Gluten-Free Dinner Recipes
Imagine biting into the soft, cheesy layer of an Eggplant Rollatini, or savouring the sweet and tender flavors of Easy 5-Ingredient Sweet Chicken that's entirely gluten-free. Not to forget, our Gluten-Free Oven-Fried Chicken paired with a fresh Baby Spinach Salad brings a crunchy yet refreshing bite to your plate. These dishes promise not just a feast that's safe for those avoiding gluten but a celebration of taste that will leave you wanting more. Each recipe is a testament to the fact that gluten-free dining can be just as delicious and satisfying.
Eggplant Rollatini
Picture tender slices of eggplant hugging a creamy mix of ricotta, mozzarella, and Parmesan, all baked in a savory homemade tomato sauce. It's like eggplant Parmesan and lasagna had a delicious baby! Perfect for dinner parties or a cozy night in, this dish is a vibrant celebration of flavors. With just simple ingredients and some prep, you can bring a piece of Italy to your table, making veggies the star of the show.
Ingredients
- 3 medium eggplants (about 2 ½ to 3 pounds), enough for about 20 slices
- 2 tablespoons olive oil, plus more for brushing
- ½ small yellow onion, minced
- 3 garlic cloves, minced
- 28-ounce can fire roasted crushed tomatoes**
- 1 teaspoon kosher salt, divided
- 1 cup ricotta cheese
- 1 cup shredded whole milk mozzarella cheese, plus more for topping
- ¼ cup shredded Parmesan cheese, divided, plus more for topping
- 1 egg
- 1 teaspoon dried oregano
- ¼ teaspoon ground nutmeg
- 1 tablespoon finely chopped parsley
- Fresh basil, to serve (optional
Easy 5-Ingredient Sweet Chicken {Gluten-free}
With just a handful of ingredients, including honey for sweetness, it’s a beloved meal for busy nights or work lunches. This dish stands out for its moist chicken smothered in a tempting sauce, perfect over rice with a side of veggies.
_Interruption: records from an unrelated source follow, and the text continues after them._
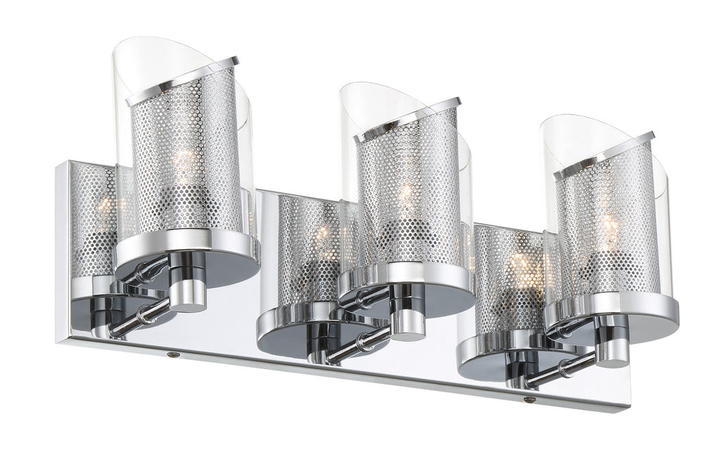 It's clear that you're someone who likes to look at things from a different perspective. So here's a creation that you can turn either way you like - up or down. The glass and chrome mesh shades are captive but can be rotated to show off any angle you desire. Chrome, clear glass and the minimalistic geometry are expressions of simplicity, but the real beauty in this fixture, as in life, is the option to follow your whims.
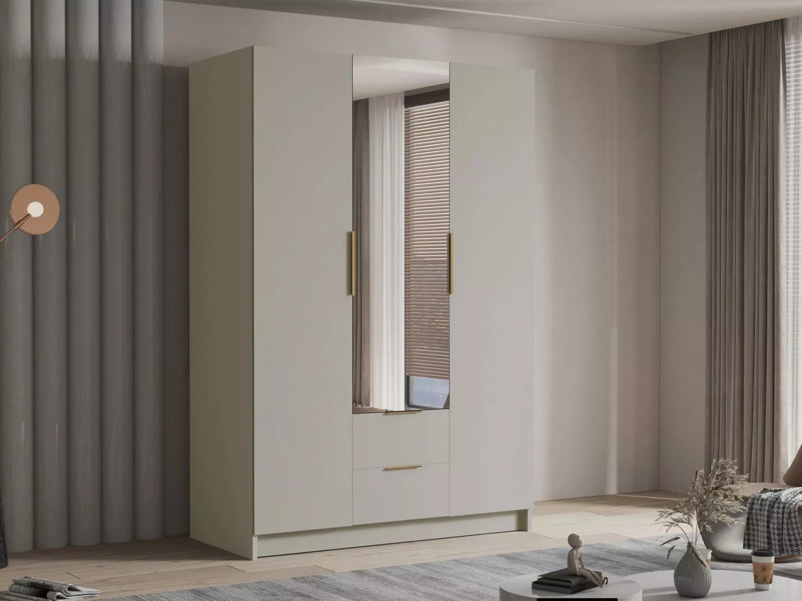 Vysoká šatní skříň 150 cm se zrcadlem MARILA - kašmír / zlatá
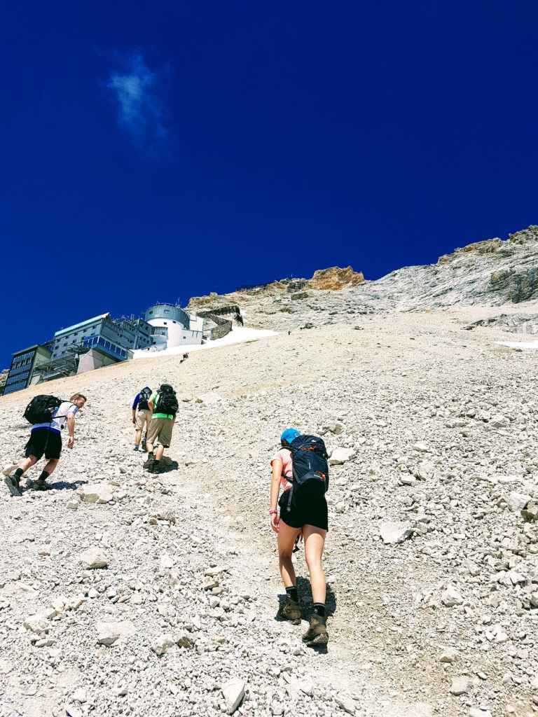 Die letzten 300 hm bis zur Spitze sind die anstrengendsten der ganzen Wanderung. Erst durch steiles Geröll und dann über Felsstufen am Drahtseilen gesichert über den Südgrat bis hin zum Gipfel. Die letzten 200 hm können auch mit der Gletscherbahn vom SonnAlpin gefahren werden. Der höchsten Punkt Deutschlands mit 2962 m ist der Ostgipfel. Dieser ist von der Besucherplatzform am Westgipfel durch einen kurzen „Klettersteig“ erreichbar.
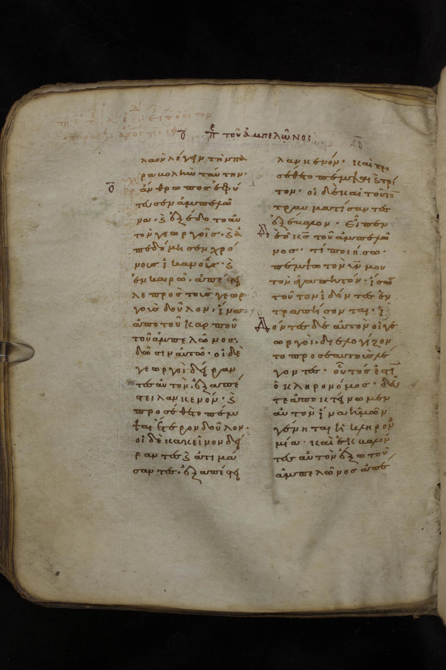 Eleventh century minuscule of the Gospels on parchment; 266 leaves, 2 column, 22 lines per column. Images were taken at the National Library of Greece in Athens.
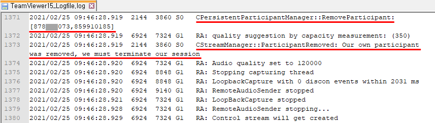 원격 세션 종료 시 ‘RemoveParticipants’ 키워드의 로그를 시작으로 관련 서비스, 쓰레드를 종료하는 로그가 남는다.
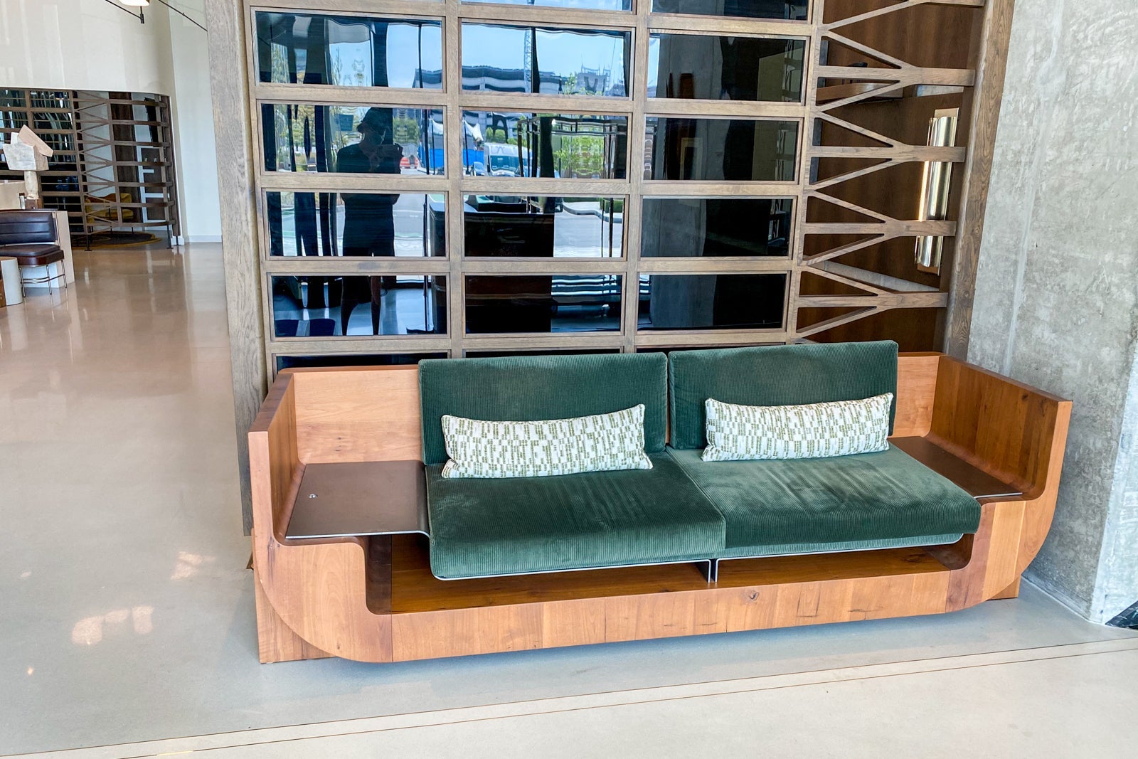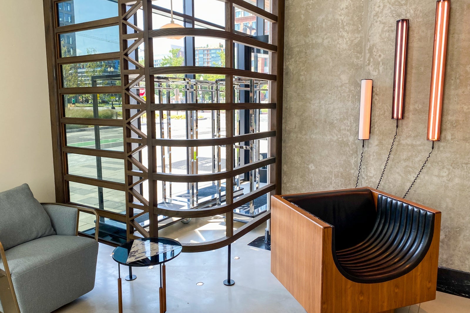 Upon walking into the lobby, I was drawn to the open concept with lots of seating areas, bright furniture and unexpected use of lines in design, specifically the light features and room dividers.
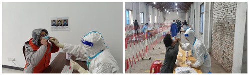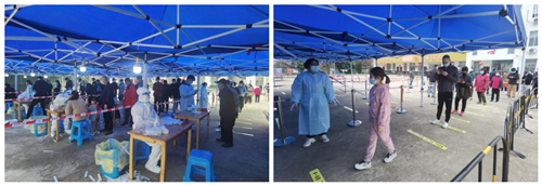 为了确保辖区核酸检测工作高效、科学、及时,横溪社区全体工作人员、辖区企业本地员工、幼儿园老师都积极报名参加志愿者,奔赴到一线抗疫中。经过快速培训后,社区工作人员及志愿者们即刻进入状态,认真完成体温测量、检测登记、人员引导、维持秩序、离场指导、帮助特殊群体等一系列工作。
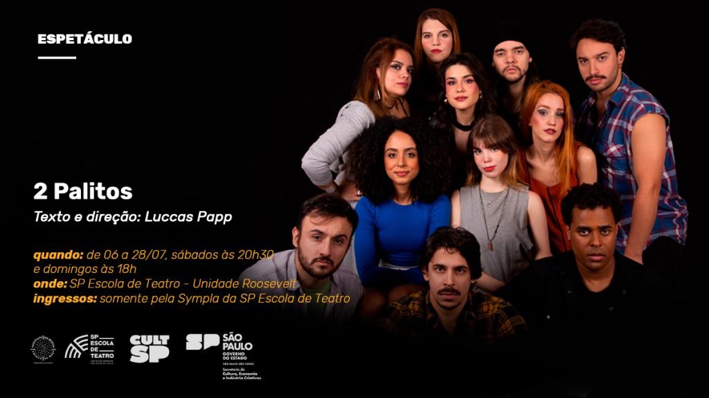 Entre 6 e 28 de julho, a SP Escola de Teatro recebe a residência artística do espetáculo “2 Palitos”, com texto e direção de Lucas Papp.

Loved for 15 years, it allows serving flexibility: whole, tender cuts, or bite-sized delights soaked in extra sauce.
Ingredients
- 3 lbs. chicken breasts or chicken tenders
- 1 cup honey
- ½ cup ketchup*
- ½ cup gluten-free soy sauce
- 2 cloves garlic, minced
Gluten-Free Oven-Fried Chicken with Baby Spinach Salad
Gluten-Free Oven-Fried Chicken paired with Baby Spinach Salad turns dinner into a crunchy, savory delight, without the gluten. Using a clever breadcrumb mix from crushed tortilla chips, this oven-fried" chicken achieves a perfect crispy crust, baked, not fried, for a healthier twist. It's served atop a fresh bed of baby spinach and cherry tomatoes, dressed lightly with a homemade vinaigrette. This meal brings the comfort of fried chicken and the zest of a summer salad to your table, easily and deliciously.
Ingredients
For the Oven-Fried Chicken:
- Olive oil: 1⁄4 cup (2 fl oz/60 ml), plus more as needed
- Gluten-free tortilla chips: 1 bag (5 1⁄2 oz /170 g)
- Dried marjoram: 1 teaspoon, crumbled
- Ground cumin: 1 teaspoon
- Cayenne pepper: 1 1⁄4 teaspoon
- Chicken pieces: 3 1⁄2 lb (1.75 kg)
- Kosher salt and freshly ground pepper
For the Salad:
- Fresh lime juice: 2 tablespoons
- Baby spinach: 4–6 oz (125–185 g)
- Cherry tomatoes: 1 pint (12 oz/375 g), halved
For the Vinaigrette:
- Included in the olive oil listed above
- Freshly squeezed lime juice (from above)
- Kosher salt and freshly ground pepper to taste
NY Style Stretchy Gluten Free Pizza Crust
This isn't your typical gluten-free crust—it folds just like the iconic New York slices, thanks to its thin, chewy base with a hint of crisp around the edges. Crafted from a simple mix of ingredients, including a gluten-free flour blend and tapioca starch, this crust brings the taste of New York right to your kitchen. Perfect for those homemade pizza nights, it promises an authentic experience without the gluten.
Ingredients
- 2 cups (280 g) all purpose gluten free flour blend (Better Batter highly recommended)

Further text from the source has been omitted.